INDIGNATION
(director/writer: James Schamus; screenwriter: based on a Philip Roth novel; cinematographer: Christopher Blauvelt; editor: Andrew Marcus; music: Jay Wadley; cast: Logan Lerman (Marcus Messner), Sarah Gadon (Olivia Hutton), Tracy Letts (Hawes Caudwell), Linda Emond (Esther), Danny Burstein (Max Messner, the butcher father), Ben Rosenfield (Bertram Flusser), Pico Alexander (Sonny Cottler), Philip Ettinger (Ron Foxman), Noah Robbins
 (Marty Ziegler), Richard Topol (Mo Greenberg); Runtime: 110; MPAA Rating: NR; producers: Anthony Bregman/ James Schamus/Rodrigo Teixeira; Likely Story/Symbolic Exchange; 2016)

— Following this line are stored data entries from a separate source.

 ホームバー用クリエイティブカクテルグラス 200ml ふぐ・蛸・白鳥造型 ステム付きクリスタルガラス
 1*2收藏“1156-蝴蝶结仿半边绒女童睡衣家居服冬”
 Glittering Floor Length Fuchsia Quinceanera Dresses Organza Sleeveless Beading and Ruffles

“Schamus richly captures the angst of his Jewish protagonist, who is the alter ego of the author as a college student on a campus of mostly gentiles.”

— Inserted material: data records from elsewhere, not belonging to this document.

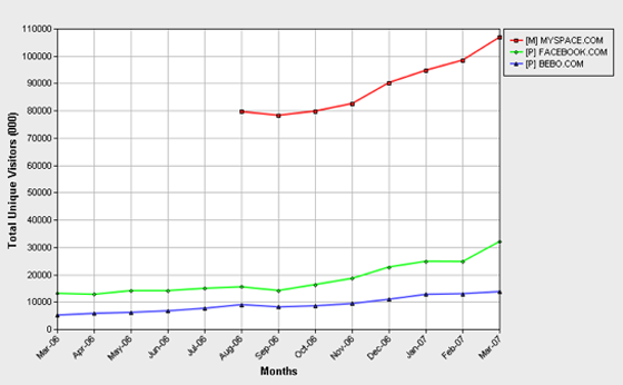 We’ve pulled worldwide Comscore stats for MySpace, Facebook and Bebo. The most recent data (March) shows MySpace with 107 million unique monthly visitors. Facebook had 32 million and Bebo had 13.7 million. Bebo users tend to spend a lot of time on the site – on average they view just over 20 pages per day each, about equal to Facebook and a bit more than MySpace..
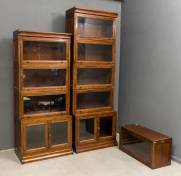 Houten stapelbare boekenkast met glazen deurtjes, bestaande uit twee basiscompartimenten en acht stapelcompartimenten, Globe Wernicke-stijl, 241 x 84 x 46 cm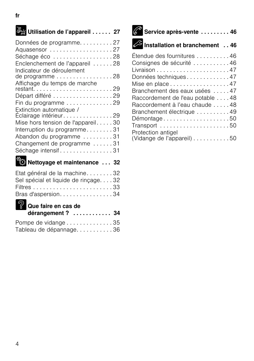 3 Que faire en cas de dérangement ? . . . . . . . . . . . . 34 Pompe de vidange . . . . . . . . . . . . . . 35 Tableau de dépannage. . . . . . . . . . . 36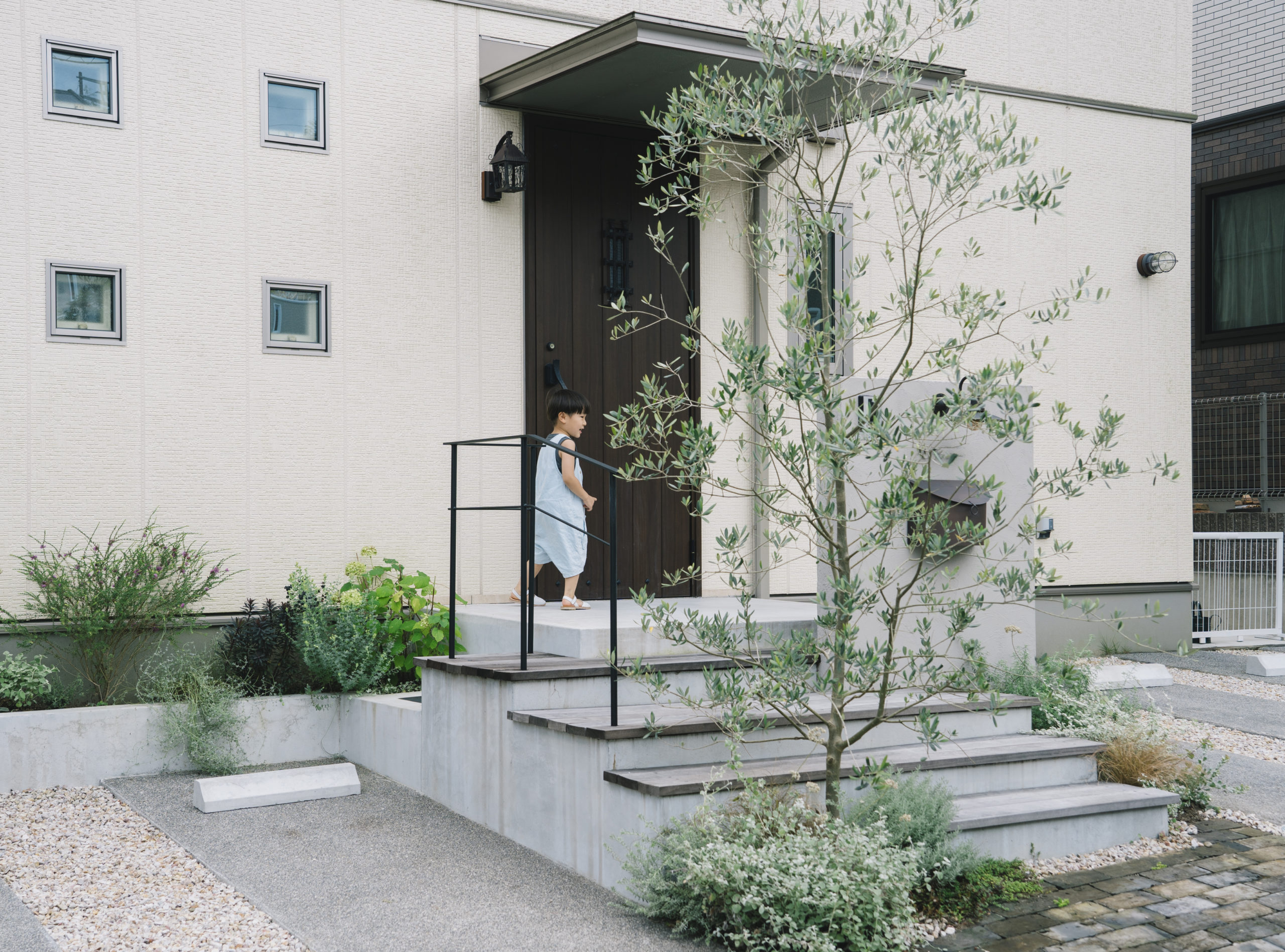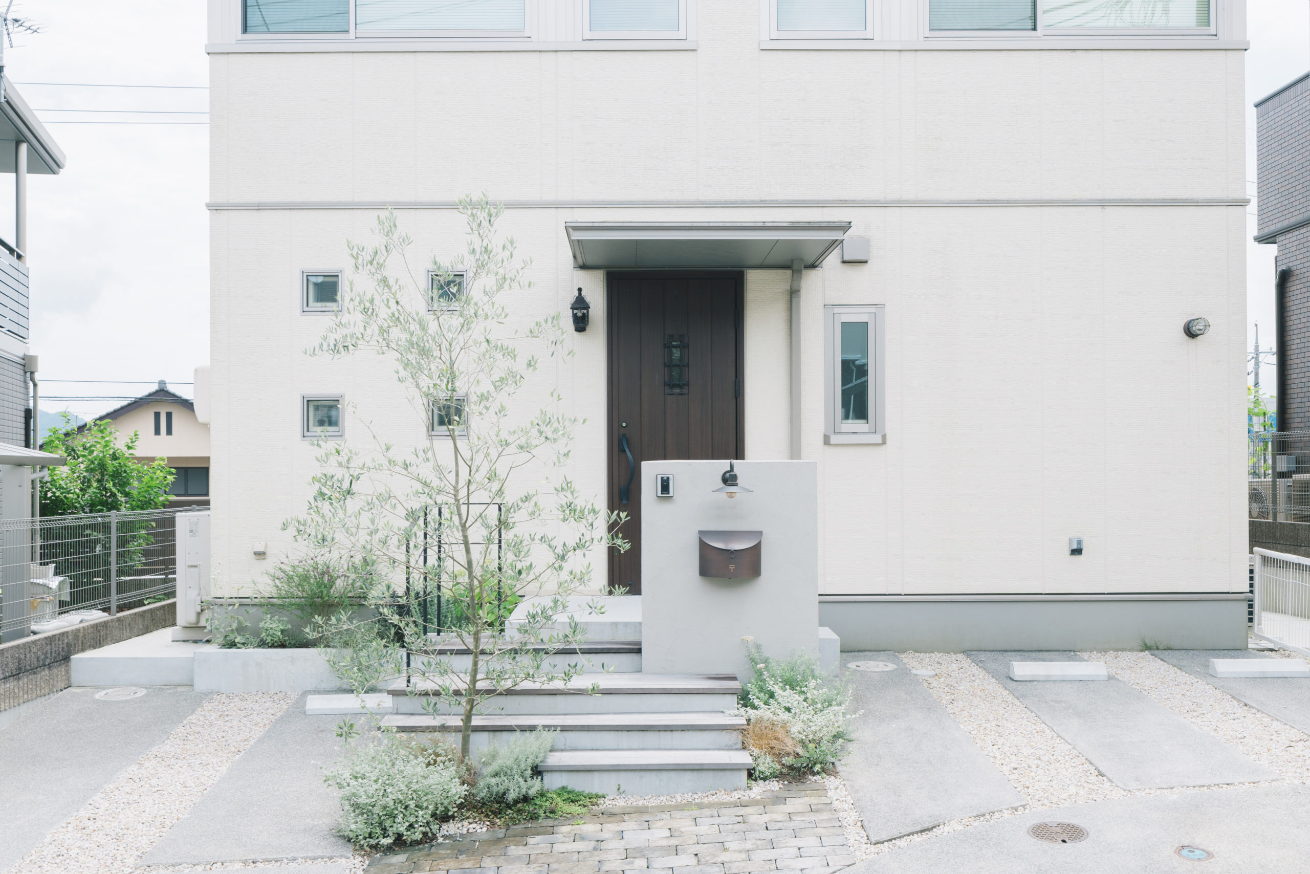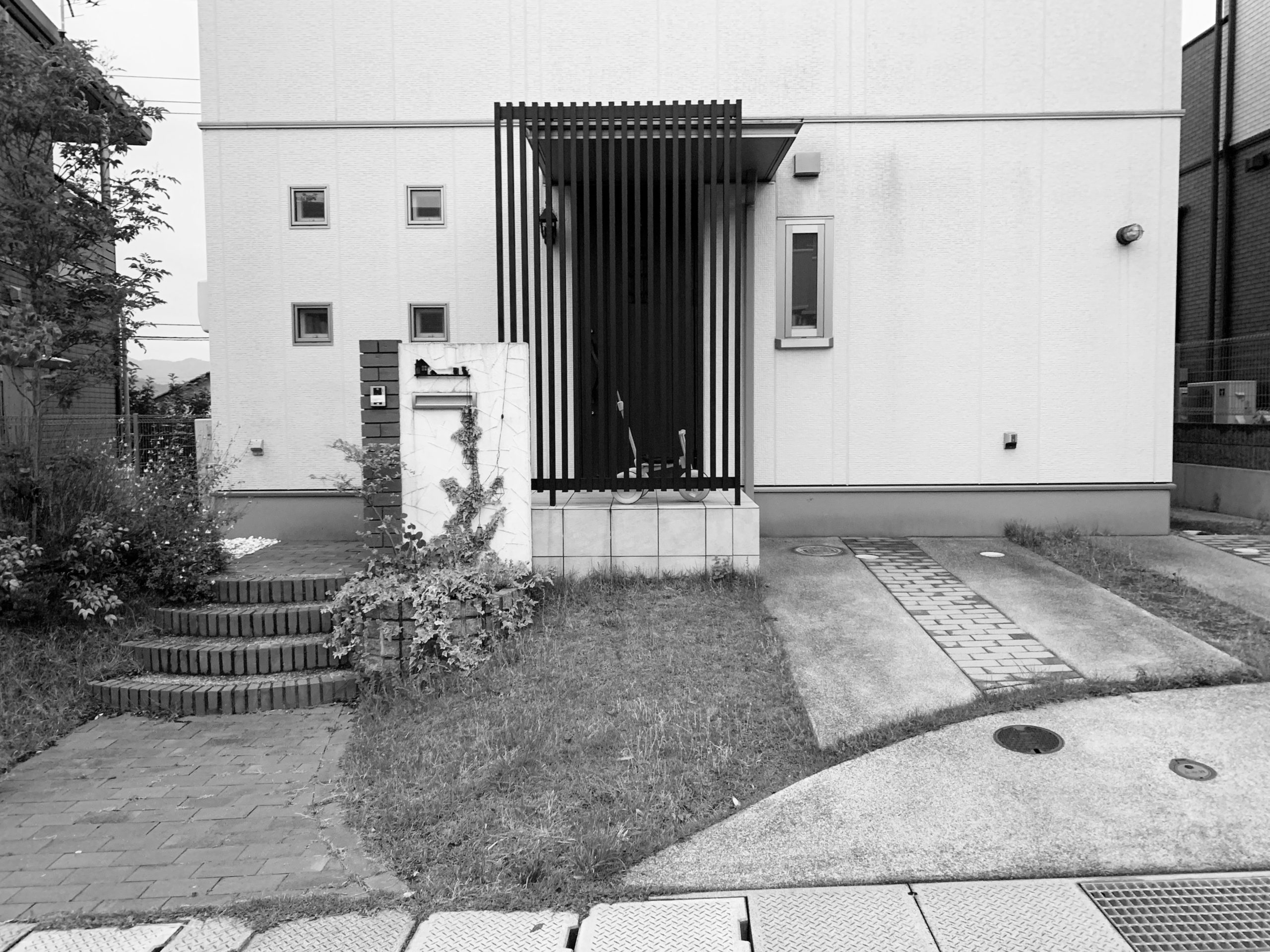 広島県東広島市にある住宅。新築から5年ほどのタイミングでエントランスやアプローチの大掛かりなリノベーションを行なった。新築と同時に施工されていた外構は、建物の打ち合わせが忙しい新築時には、十分に外構のデザインを考える時間もないままだったという。時間が経つにつれ、当時はきれいだった芝生や植物も年々手入れも難しくなったころ、毎日を過ごす住まいにも、もっとご自身のライフスタイルや好みを取り入れて暮らしを充実させたいと、暮らしを楽しまれ、住まいのデザインにも関心の高い施主様の想いが募り、ゾーニングや導線から大きく見直すこととし、大胆な外構リノベーションとなった。

Reviewed by Dennis Schwartz
Columbia University professor, screenwriter and producer James Schamus tries his hand at directing in this intelligent period piece coming-of-age drama, which is his directing debut. The film is based on the deeply personal 2008 novel by Philip Roth. As a rule, Roth novels do not translate well to the big screen. But this film is the exception. Schamus richly captures the angst of his Jewish protagonist, who is the alter ego of the author trying to find his identity as a college student on a campus of mostly gentiles. In 1951, the Newark, New Jersey, 18-year-old Marcus Mesner (Logan Lerman) gets away from his overbearing kosher butcher father Max (Danny Burstein) and over-protective mom (Linda Emond) by accepting a scholarship to the small Winesburg College, a mostly Christian school in Ohio. College admission also allows him a draft exemption and to miss the Korean War. The indignant, idealistic and atheistic diligent student refuses to mingle with the school’s small Jewish community. Instead he finds a tentative romance with a beautiful but suicidal shiksa classmate, Olivia Hutton (Sarah Gadon), who gives the virgin head unexpectedly on their first date. The playwright Tracy Letts is engaging playing the dean trying to bully the secular student to attend chapel at least 10 times, in compliance with the college policy. Their 15-minute intellectual debate is the film’s centerpiece, showing the dean entrenched in the status-quo while the student rebels against such conservative values. The gentle but provocative violin score by Jay Wadley, the well-presented period details, the fine ensemble acting and the solid art-house presentation of a loner trying to figure things out for himself, without support from adults, makes for a better than average adult drama.